**Exercise requirements:**
What you output must be the exact lines from the first line of the data through the one holding "Long curly hair.", with no pictures.

[Stored items]

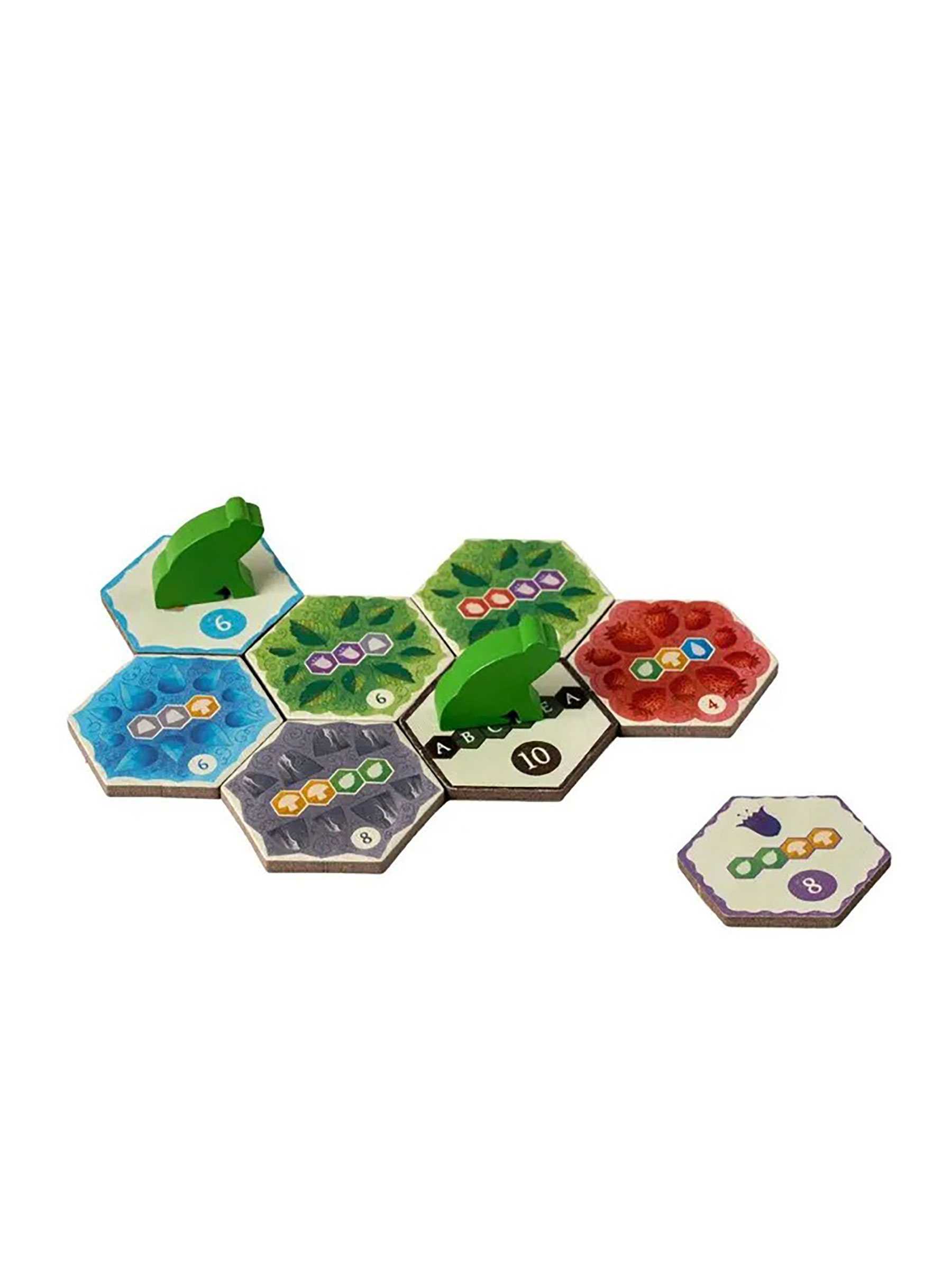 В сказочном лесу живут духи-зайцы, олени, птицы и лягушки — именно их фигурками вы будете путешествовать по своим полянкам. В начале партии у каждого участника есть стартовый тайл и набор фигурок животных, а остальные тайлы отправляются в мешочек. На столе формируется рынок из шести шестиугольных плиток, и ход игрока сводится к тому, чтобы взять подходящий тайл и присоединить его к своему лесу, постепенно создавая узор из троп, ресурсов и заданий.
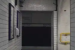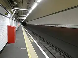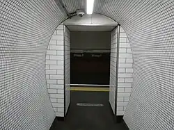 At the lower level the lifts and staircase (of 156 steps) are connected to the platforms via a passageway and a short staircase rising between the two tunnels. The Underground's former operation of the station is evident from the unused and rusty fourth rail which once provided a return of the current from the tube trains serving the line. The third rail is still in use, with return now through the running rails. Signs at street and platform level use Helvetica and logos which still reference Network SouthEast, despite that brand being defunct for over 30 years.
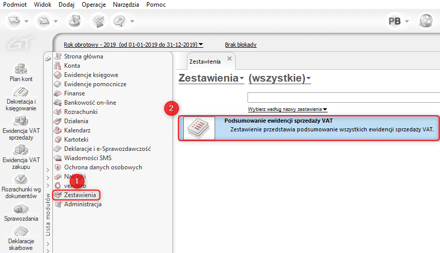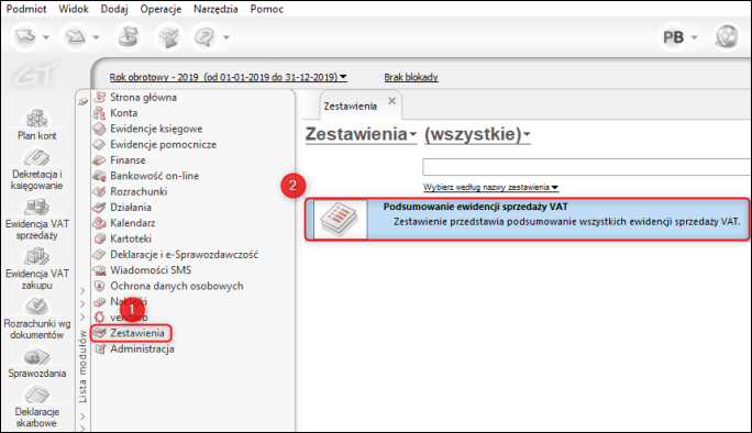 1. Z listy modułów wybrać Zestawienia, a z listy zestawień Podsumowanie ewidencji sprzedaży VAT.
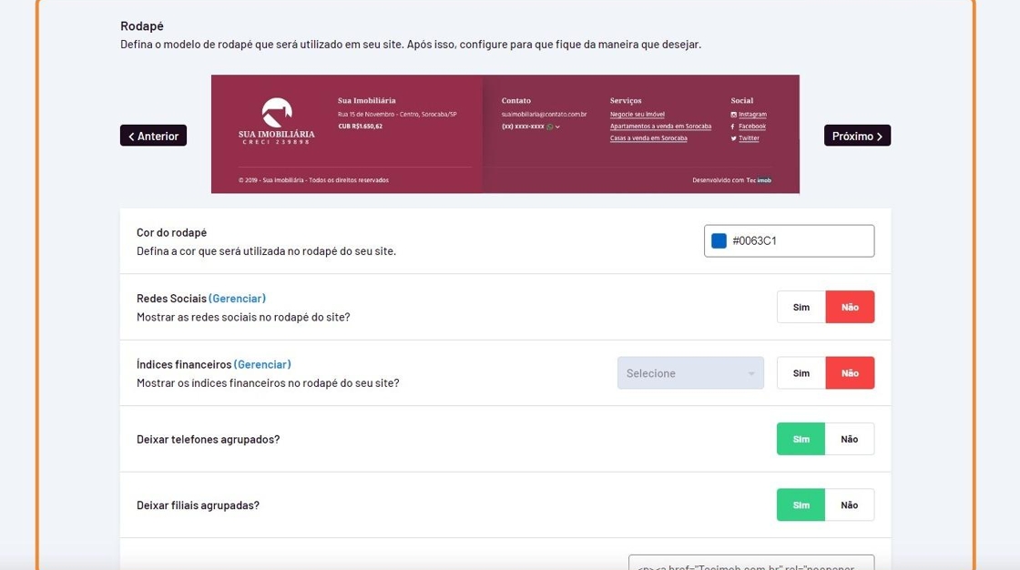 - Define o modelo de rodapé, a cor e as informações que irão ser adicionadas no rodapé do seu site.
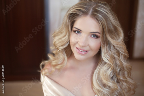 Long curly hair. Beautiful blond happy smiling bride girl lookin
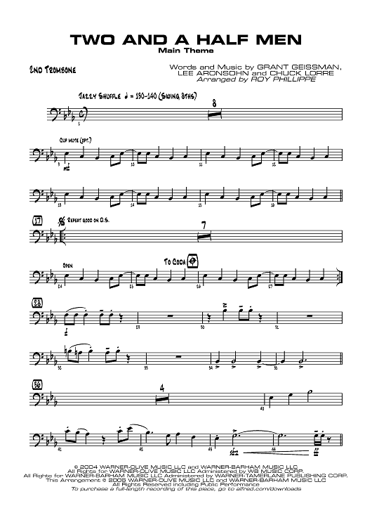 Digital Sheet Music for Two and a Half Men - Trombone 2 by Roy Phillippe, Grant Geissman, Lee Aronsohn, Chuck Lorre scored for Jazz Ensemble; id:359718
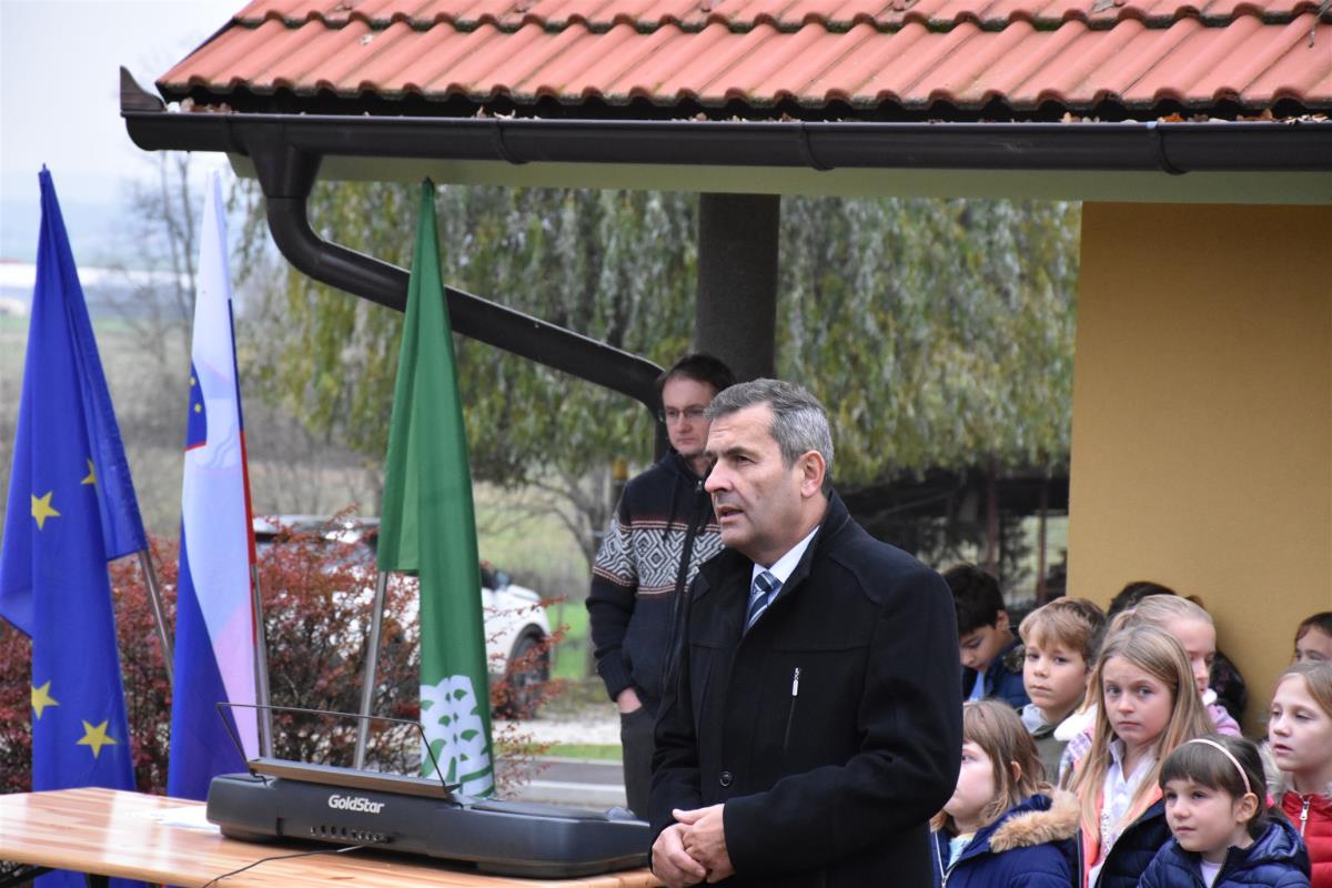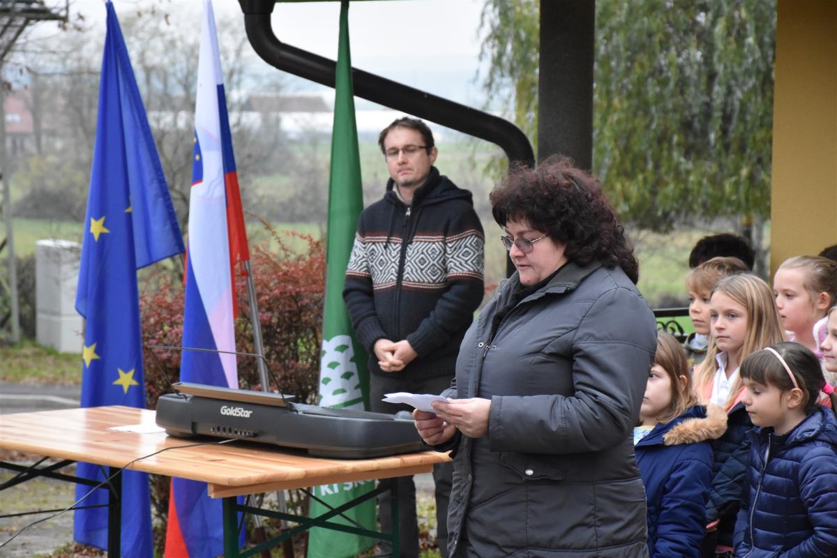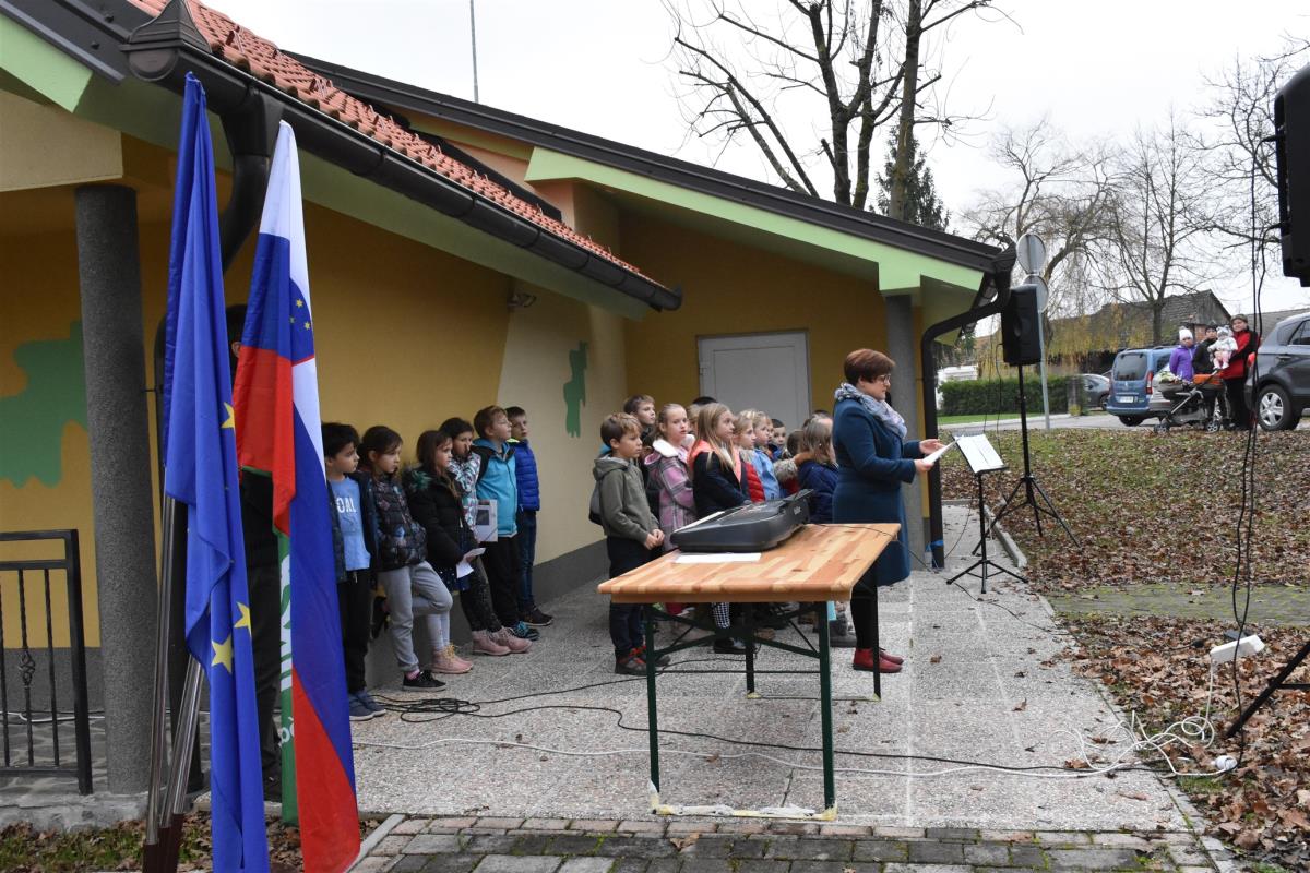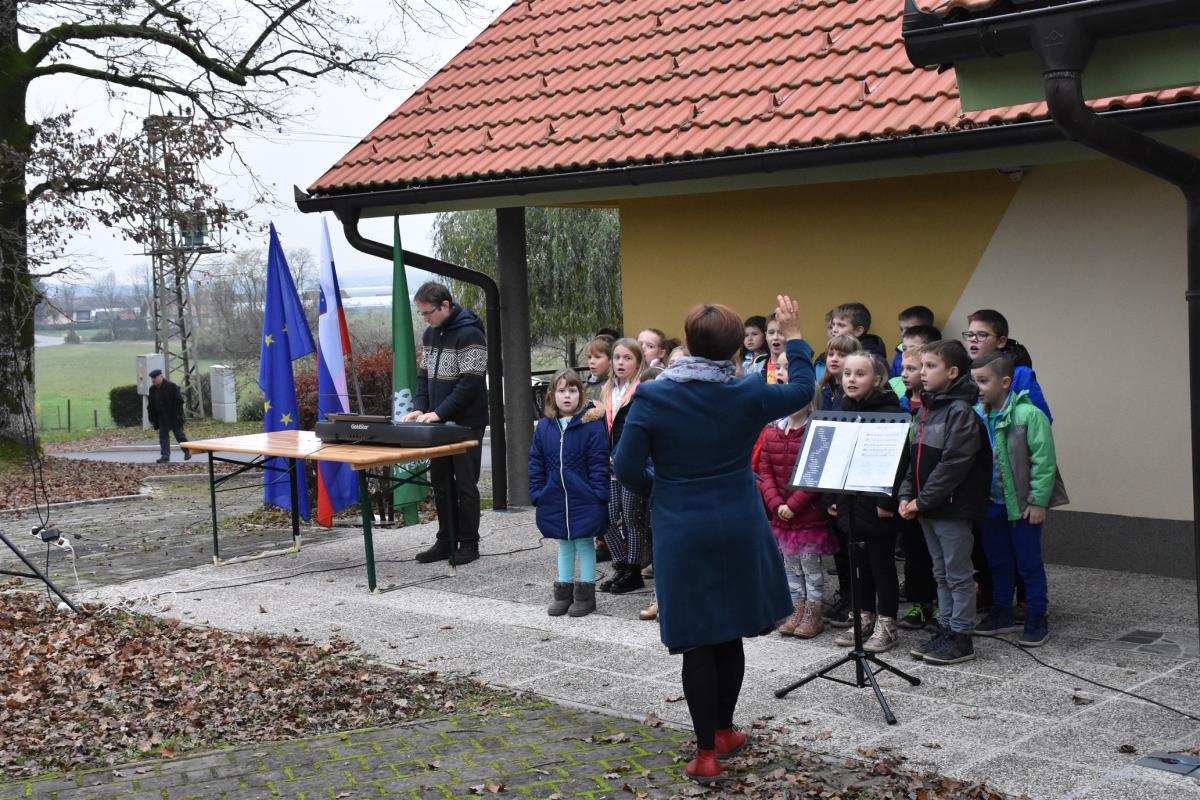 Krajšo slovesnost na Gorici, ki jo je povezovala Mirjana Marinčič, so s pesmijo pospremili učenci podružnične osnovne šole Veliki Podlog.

**Final answer:**
 В сказочном лесу живут духи-зайцы, олени, птицы и лягушки — именно их фигурками вы будете путешествовать по своим полянкам. В начале партии у каждого участника есть стартовый тайл и набор фигурок животных, а остальные тайлы отправляются в мешочек. На столе формируется рынок из шести шестиугольных плиток, и ход игрока сводится к тому, чтобы взять подходящий тайл и присоединить его к своему лесу, постепенно создавая узор из троп, ресурсов и заданий.
 At the lower level the lifts and staircase (of 156 steps) are connected to the platforms via a passageway and a short staircase rising between the two tunnels. The Underground's former operation of the station is evident from the unused and rusty fourth rail which once provided a return of the current from the tube trains serving the line. The third rail is still in use, with return now through the running rails. Signs at street and platform level use Helvetica and logos which still reference Network SouthEast, despite that brand being defunct for over 30 years.
 1. Z listy modułów wybrać Zestawienia, a z listy zestawień Podsumowanie ewidencji sprzedaży VAT.
 - Define o modelo de rodapé, a cor e as informações que irão ser adicionadas no rodapé do seu site.
 Long curly hair. Beautiful blond happy smiling bride girl lookin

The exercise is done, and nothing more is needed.